Ecopoint Climbing es un movimiento que nació de la convicción de que podemos hacer lo que nos gusta sin destruir lo que amamos. Queremos encontrar formas de escalar con el menor impacto posible en el medio ambiente. Como escaladores, la mayor parte de nuestra huella de carbono proviene del transporte. Con Ecopoint Climbing nos comprometemos a ir a la pared de forma sostenible: a pie, en bicicleta, en transporte público o, a veces, haciendo autostop.
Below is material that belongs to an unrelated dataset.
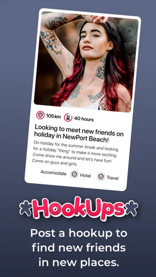 Crave will help you to find local singles and couples who are willing to meet and have some fun. Post hookups to find new friend in places you are travelling to.

El redpoint se convierte en Ecopoint, lo que significa que solo consideramos que hemos completado una escalada cuando nos hemos acercado a ella por medios respetuosos cada vez que lo hemos intentado. Probar el estilo Zahir Ecopoint tuvo un impacto en muchos aspectos de nuestro viaje: alojamiento, comida, equipo, forma física, descanso, flexibilidad, independencia.… Una furgoneta acogedora y cálida se convirtió en una pequeña tienda de campaña, las comidas improvisadas con toda la comida a la que estamos acostumbrados se convirtieron en comer lo que podíamos llevar, cada mosquetón que decidimos llevar de repente tenía su peso, los días de descanso completo se hicieron muy raros, ya que a menudo los utilizábamos para ir a comprar comida en bicicleta. Encontramos mucha belleza en cambiar todos estos aspectos del viaje.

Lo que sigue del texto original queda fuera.